Heinrich Himmler est né le 7 octobre 1900, à Munich, au deuxième étage d'une maison qui était sise au n° 2 de la Hildegardstrasse. Son père, le professeur .Gebhard Himmler, était alors âgé de trente-cinq ans et occupait un poste au lycée de Munich, après avoir été le précepteur du prince Heinrich de Bavière. Cet homme, très studieux et pédant, était conscient du prestige social que lui conférait le patronage de la maison royale Wittelsbach de Bavière. Aussi demanda-t-il au prince Heinrich de lui faire la faveur d'être 'le parrain de son deuxième fils (l'aîné, Geghard, était né en 1893 et le cadet, Ernst, naîtra en 1905). Le prince accepta.
Les trois fils Himmler furent élevés, selon les méthodes de l'époque, dans une famille catholique qui ne plaisantait pas avec la morale, l'obéissance et les convenances, et dans l'amour et le respect de la patrie allemande. Fils docile, affectueux et respectueux, Heinrich entretiendra avec les membres de sa famille des relations excellentes jusqu'à la fin de leur vie.
Heidrich
Himmler et Heydrich formaient une antithèse complète. Heydrich, élégant, sportif, de type pseudo-nordique, prétentieux comme une star, coureur effréné de jupons, qu'on surnommera « le roi des boîtes de nuit de la politique », bref dans son propos, tranchant comme un rasoir, systématique et réglé comme une machine électronique, n'ayant de ressentiments que personnels, était très exactement le contraire de Himmler.
Il est difficile de démêler les rapports précis entre les deux chefs SS. Cependant, sur un point, il n'existe pas le moindre doute : dans l'association, Heydrich était officiellement au second plan mais, en réalité, il jouait le rôle déterminant ; à sa manière, bien entendu. Analysant très exactement les faiblesses du Reichsführer SS et sachant qu'il pouvait tabler sur sa vanité et son complexe d'infériorité, Heydrich entreprenait de l'alimenter « en douceur » en idées et en réalisations, s'y prenant de la façon la plus subtile. Jamais le moindre indice n'en parviendra au public.
L'adjoint de Heydrich, Walter Schellenberg, chef du SD Etranger (service de Renseignements à l'étranger), ne s'y trompa pas. Il écrira : « Je sortis du bureau de Heydrich vivement impressionné par la force de sa personnalité, développée à un point que je n'avais jamais vu et que je n'ai jamais rencontré depuis (...).

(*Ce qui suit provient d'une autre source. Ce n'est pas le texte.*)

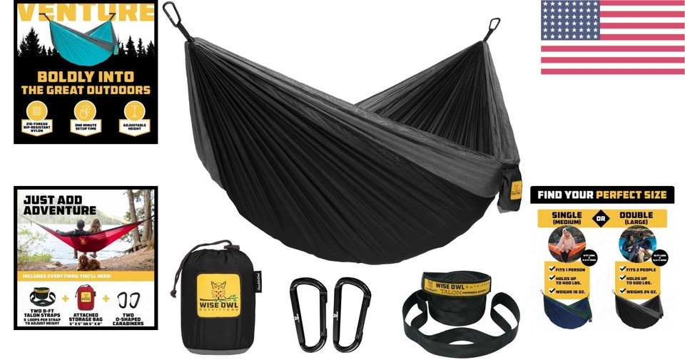 - Lightweight Double Hammock for Travel & Outdoor Fun - Easy Setup, 500lbs Limit
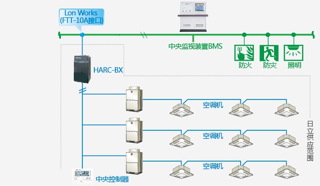 可以适用Lonworks、BACnet、RS-485等多种网络通信协议,通过HARC-BX、HC-A64BNP或HLRSCON将德明电子空调设备接入楼宇自控或智能家居系统,HARC-BX、HC-A64BNP和HLRSCON都可以连接64台室内机。
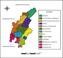 There are also 5 associated communes (listed below in italics), one in Doubs and 4 in Jura.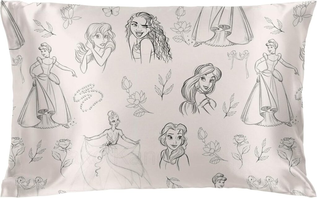 I’ve got princess hair and I don’t care! And, by the looks of it, neither do any of the other Disney Princesses on this pillowcase. Here we see Jasmine, Belle, Ariel, and Moana letting their luscious locks flow without a care in the world. We might even know their secret! It could be because they have been sleeping on a satin pillowcase. Now that you know, you will be able to jump on the carriage and have gorgeous hair just like your favorite royal friends. Even Cinderella‘s bird friends are here to support you and make you feel fresh and ready to start your day. After a few nights with them, you might be ready to do your hair just like Cinderella and Tiana.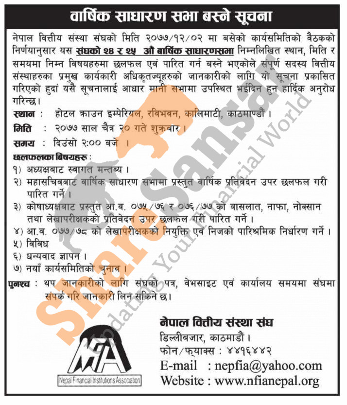 Nepal Bittiya Sanstha Sangh has announced its 24th and 25th Annual General Meeting going to be held on 20th Chaitra, 2077.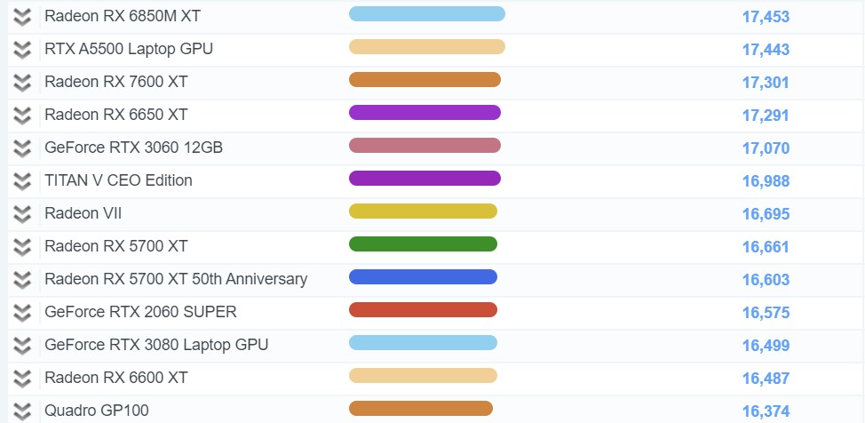 | Radeon RX 5700 XT 50th Anniversary | 16,603 |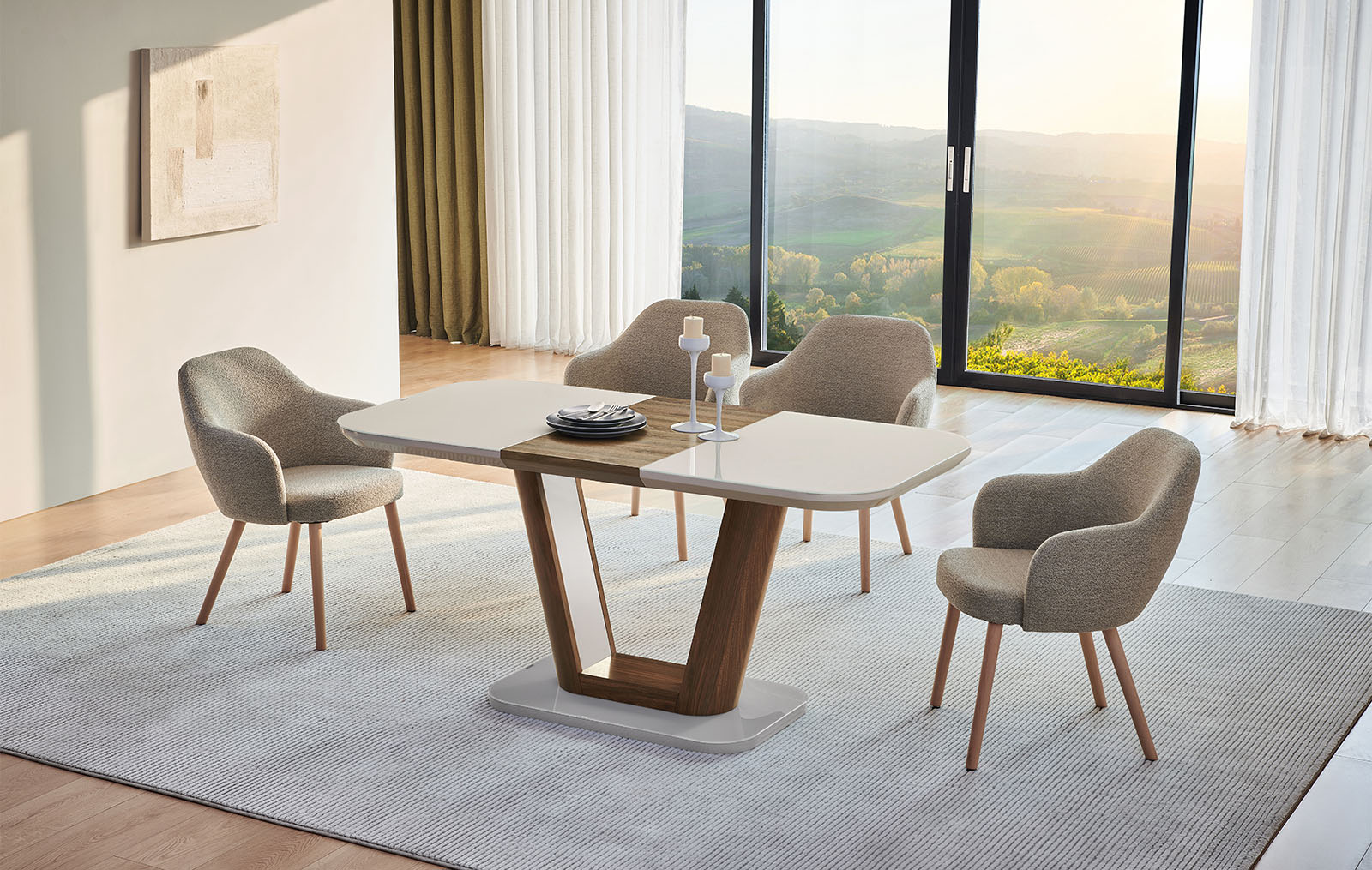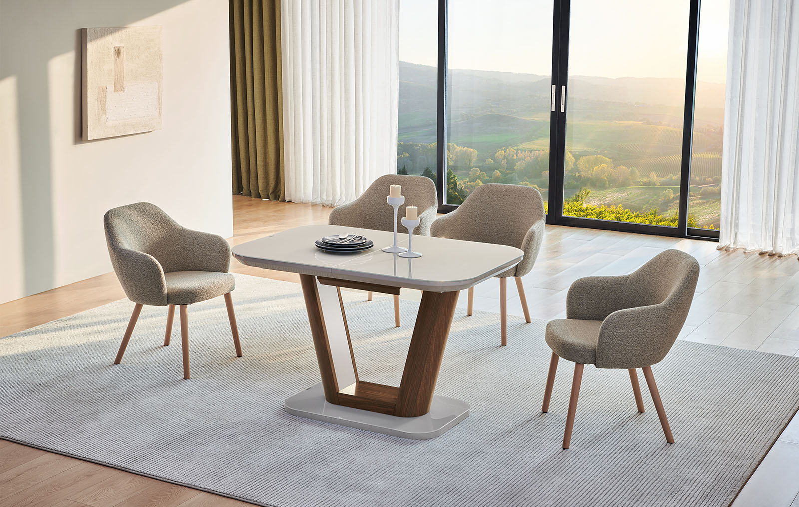 Модель можно комбинировать практически с любыми стульями и другой мебелью.

« Cet homme constituait le pivot caché autour duquel tournait le régime nazi. L'évolution de toute une nation était indirectement guidée par ce puissant caractère. Il était de beaucoup supérieur à tous ses collègues politiques et il les contrôlait, comme il contrôlait la vaste organisation de renseignements du SD. »

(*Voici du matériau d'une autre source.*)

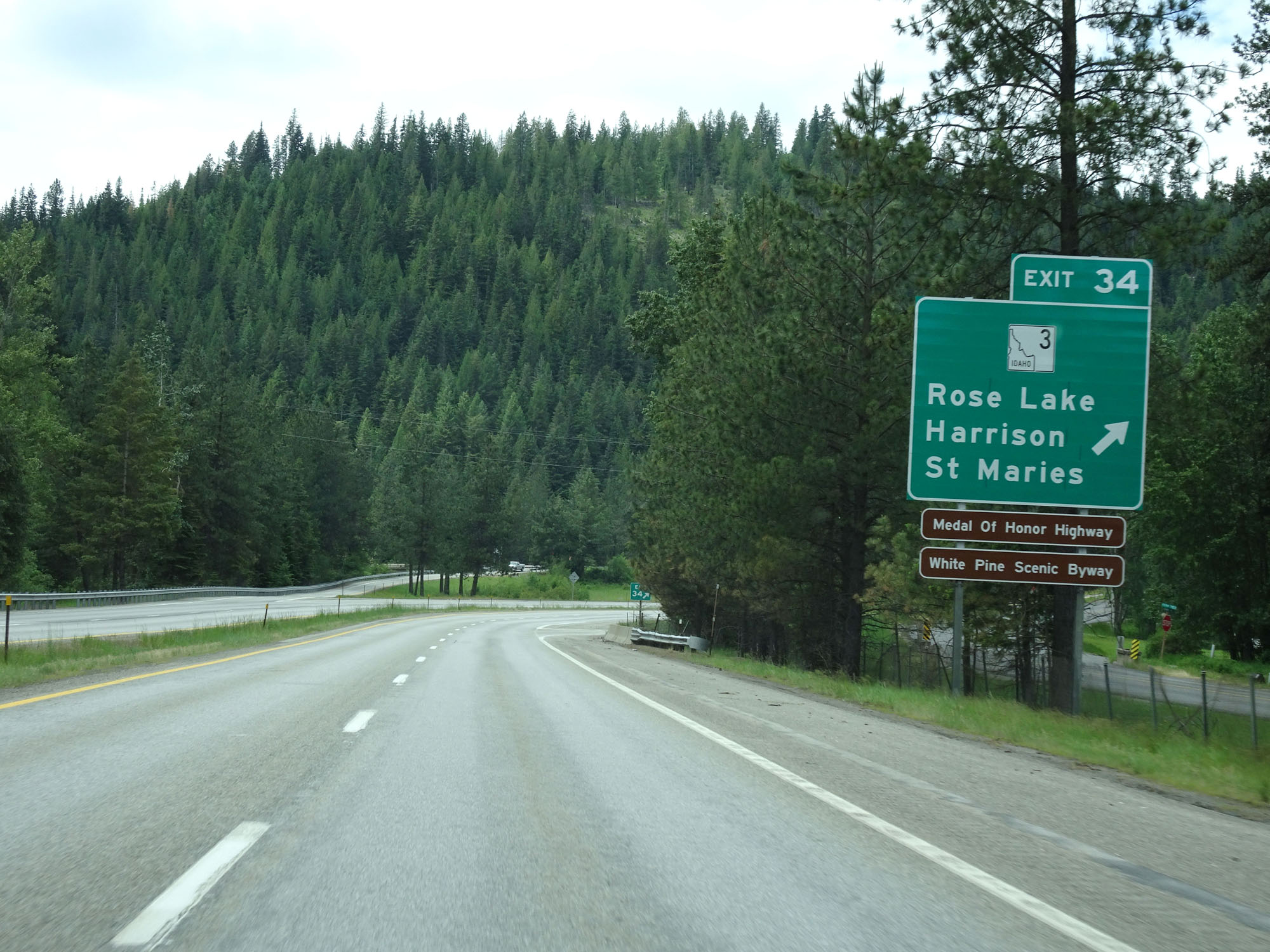 |  | Interstate 90 West at Exit 34: ID 3 - Rose Lake / Harrison / St Maries (Photo taken 5/25/16). |

En quelques années, Heydrich réussit à être l'homme le plus redoutable du III° Reich, alors que Himmler en était l'homme le plus redouté.

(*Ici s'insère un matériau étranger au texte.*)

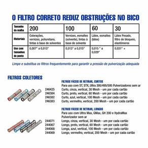 Use o filtro do manifold maximiza o desempenho da pulverização, economizando tempo e dinheiro ao estender a vida útil do seu equipamento e reduzir o tempo de inatividade. Use malha mesh 30 para materiais como látex pesado, enchimento de bloco ou elastomérico.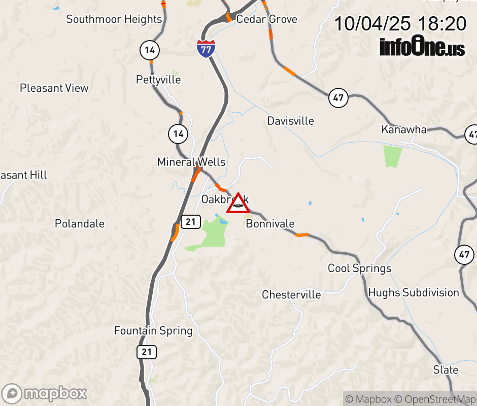 In Wood County there is a Vehicle Crash on WV-14 at Mile Marker 5.98. 1500 BLK of Elizabeth Pike in Mineral Wells. ![]() |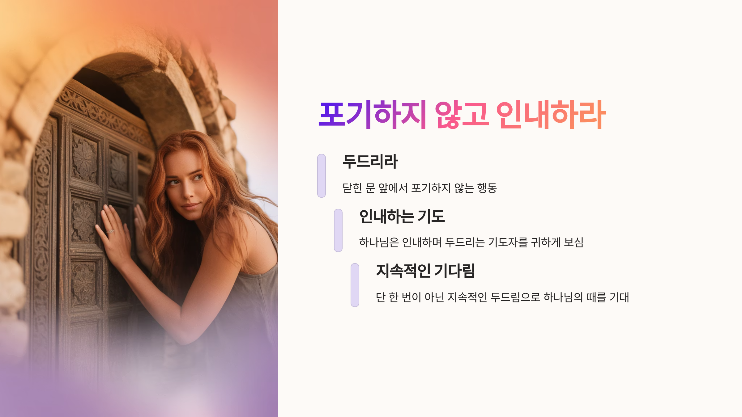 📌 하나님은 인내하며 두드리는 기도자를 귀하게 보십니다.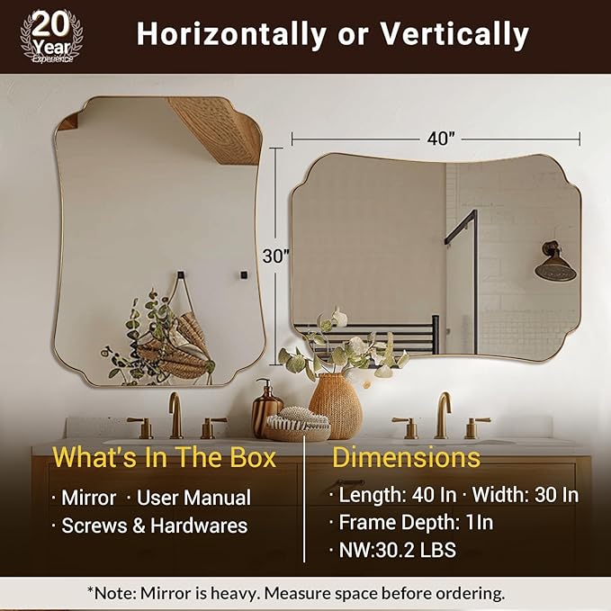 - Reliable Packaging: This modern metal framed bathroom mirror is in fully protected packing with a PE bag, poly foam, and master box to ensure it arrives in perfect condition. Sturdy 30x40-inch bathroom mirror comes with four reinforced D - ring hanging clips for quick and easy installation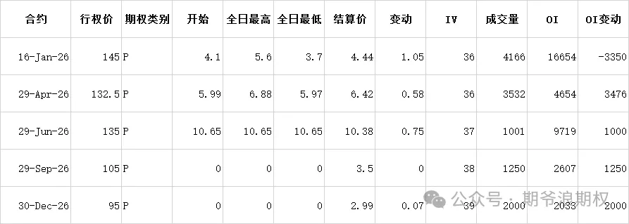 (2)阿里:1月最大持仓范围150-160,窝轮牛熊街货分布135-165,今收142.6,下跌2.26%。期权盘路变化超过1000张的仓位如下,虽然好几个月份的,但都是认沽,而且增仓行权价都是135以下,你品,你细品。马爸爸还是那个马爸爸,买了阿里股票,拿个五年十年,大概率还是涨的。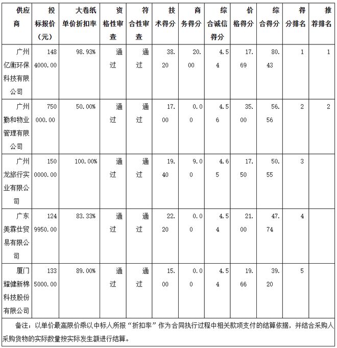 中标公告显示,共有5家企业参与了本次投标,报价折扣率在50%~100%之间。亿衡环保虽然价格不占优势,但仍凭借整体优势,以综合得分第一中标。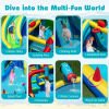 Complete Package and Easy Setup: You can inflate the jumping house in minutes and wrap the water hose for a cool splash. The carrying bag and repair kit facilitate storage and maintenance, while the 2 basketballs, a hand pump, and 8 tossing rings for immediate game fun.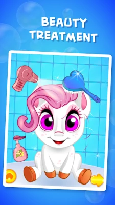 Грижете се за 7 очарователни домашни любимци – котка, куче, костенурка, заек, папагал, пони и панда. Децата ще се забавляват да разкрасяват и да се грижат за тези сладки бебета животни, развивайки чувство за отговорност и умения за грижа. Открийте света на грижата за животни!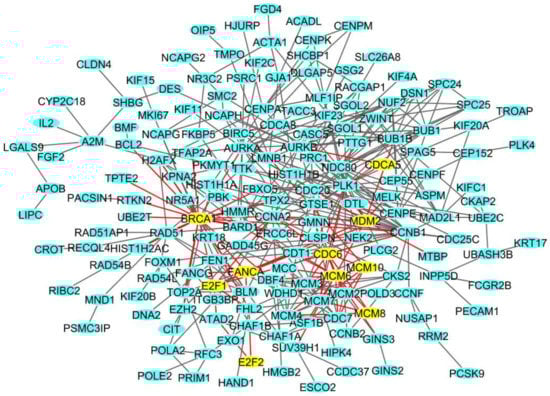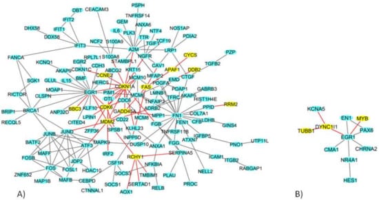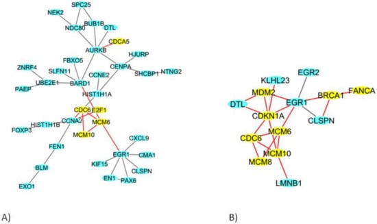 In these networks, we found genes involved in transcription (E2F1, E2F2), in the cell cycle (CDCA5, CDC6), in DNA replication (MCM6, MCM8, MCM10), in DNA repair (BRCA1, FANCA), and in DNA damage (MDM2, CDKN1A).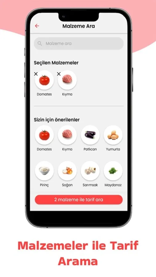 -Malzemeler ile arama yapabilme (Seçtiğiniz malzemelere uygun Yemek Tarifleri)
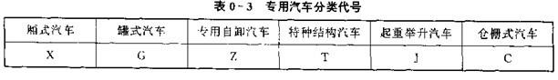 e、專用汽車分類代号,專用汽車分類代号位於産品型号的第五部公(對於汽車産品則沒有這部公代号),用反映車輛結構的用途特征的三個漢語拼音字母表示。其結構特征代号按表0-3的規定來标注。

Les ambitions de Heydrich étaient sans limite. Il développa son service de Sécurité et de Renseignements à un point difficilement imaginable. Rien ni personne ne lui résistait. Sauf une seule personne : il ne put, de son vivant, abattre l'amiral Wilhelm Canaris, le célèbre « petit amiral », chef de l'Abwehr (service de renseignements de l'armée allemande, indépendant du parti comme des SS), malgré une lutte secrète, « mouchetée », féroce, qui dura de 1935 à 1942.
Dès 1931, Heydrich était convaincu que, tôt ou tard, Hitler prendrait le pouvoir. C'est pourquoi il créa délibérément -- presque à l'insu de Himmler — à l'intérieur même des SS, une organisation bien à lui pour doubler et, si nécessaire, remplacer tout l'appareil du gouvernement, amorçant ainsi un Etat dans l'Etat.